[Items from a data source]
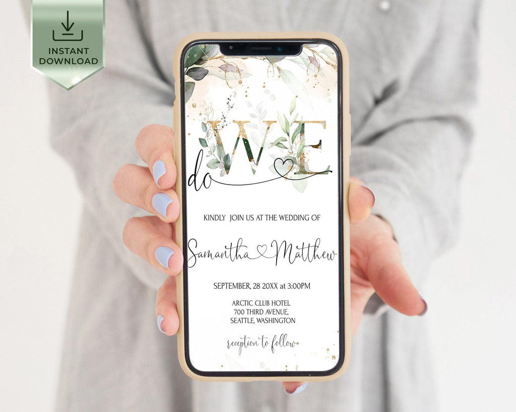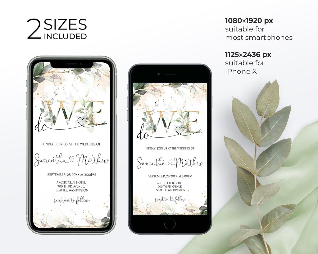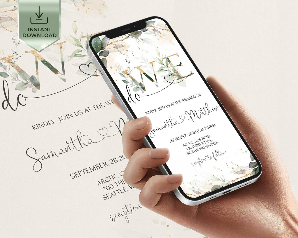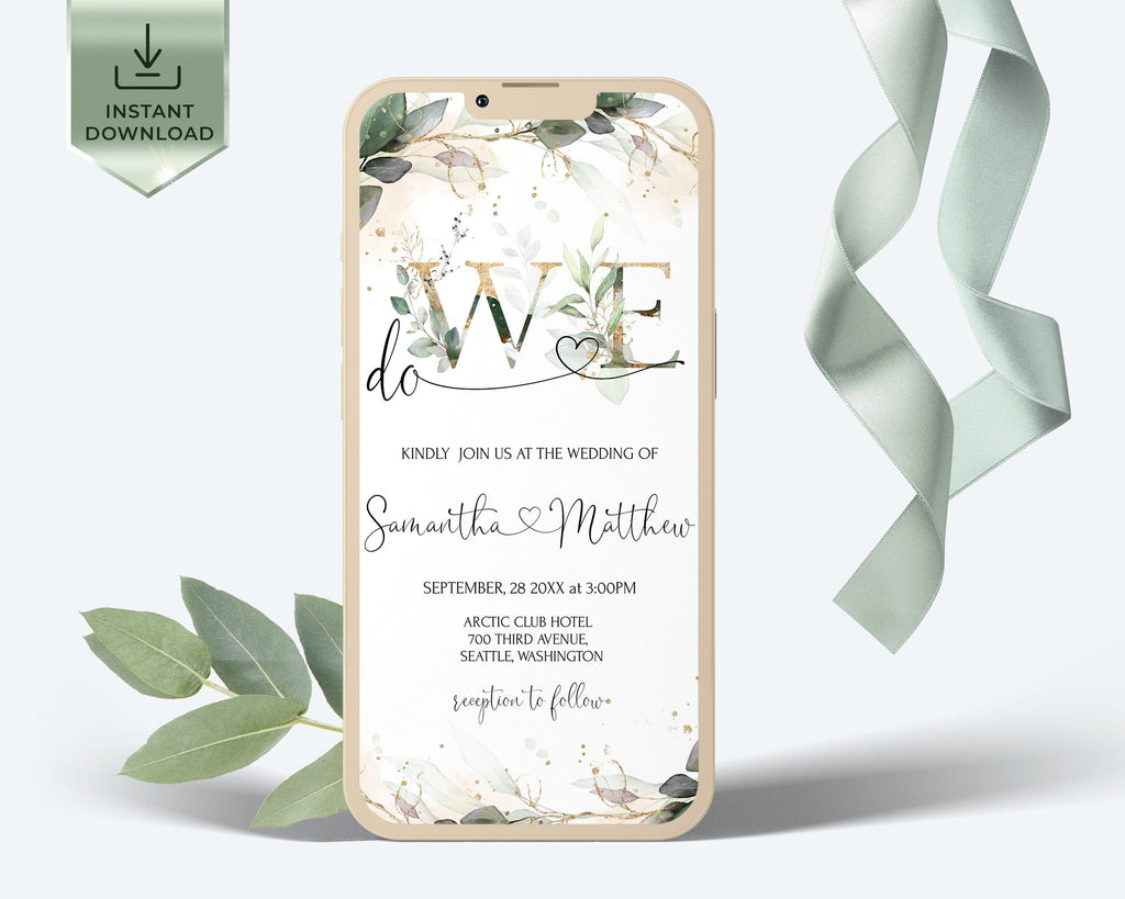 We do Wedding Invitation Suite | Greenery Gold Digital Set
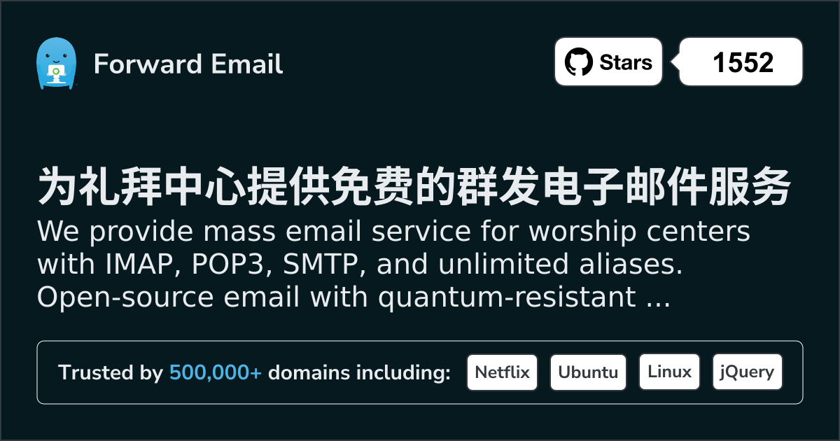We provide mass email service for worship centers with IMAP, POP3, SMTP, and unlimited aliases. Open-source email with quantum-resistant encryption. Setup in minutes.
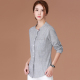 春季春款竖条纹衬衫女士长袖宽松韩版2017春装新款立领衬衣纯棉潮
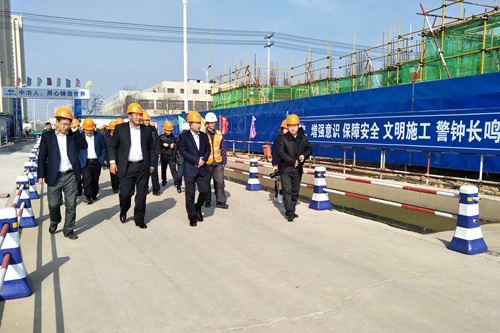 在现场,胡启书区长认真听取了项目部关于绿色文明施工、安全、质量、环保以及扬尘治理成效等工作的汇报,并详细询问了扬尘治理的相关经验和项目在节能、环保方面的具体举措。他对项目部环保工作规范、文明施工措施有力表示赞赏,并希望项目部要继续做好环境治理工作,强化“四节一环保”、标准化施工措施,扎实开展工作,树立良好的央企形象,带动其他施工企业共同为淮北市的环境保护工作做出贡献。
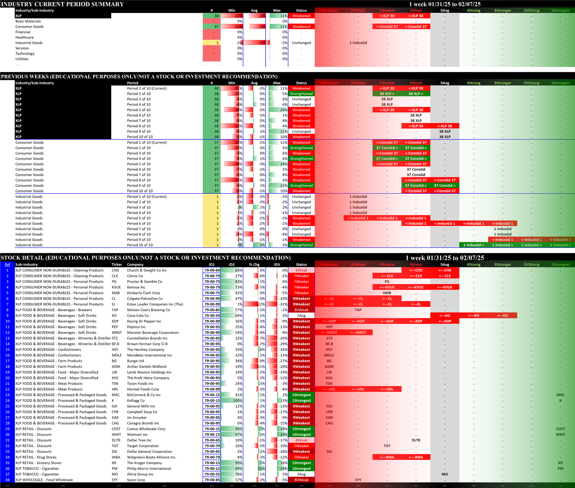 2.7 XLP Consumer Staples (38 stocks, mid-sized), WEAKENED RATING TO 7Weaker = WORST

Instructions for the task — The job here is to retype the data exactly, with no pictures included.

Written response —
 We do Wedding Invitation Suite | Greenery Gold Digital Set
We provide mass email service for worship centers with IMAP, POP3, SMTP, and unlimited aliases. Open-source email with quantum-resistant encryption. Setup in minutes.
 春季春款竖条纹衬衫女士长袖宽松韩版2017春装新款立领衬衣纯棉潮
 在现场,胡启书区长认真听取了项目部关于绿色文明施工、安全、质量、环保以及扬尘治理成效等工作的汇报,并详细询问了扬尘治理的相关经验和项目在节能、环保方面的具体举措。他对项目部环保工作规范、文明施工措施有力表示赞赏,并希望项目部要继续做好环境治理工作,强化“四节一环保”、标准化施工措施,扎实开展工作,树立良好的央企形象,带动其他施工企业共同为淮北市的环境保护工作做出贡献。
 2.7 XLP Consumer Staples (38 stocks, mid-sized), WEAKENED RATING TO 7Weaker = WORST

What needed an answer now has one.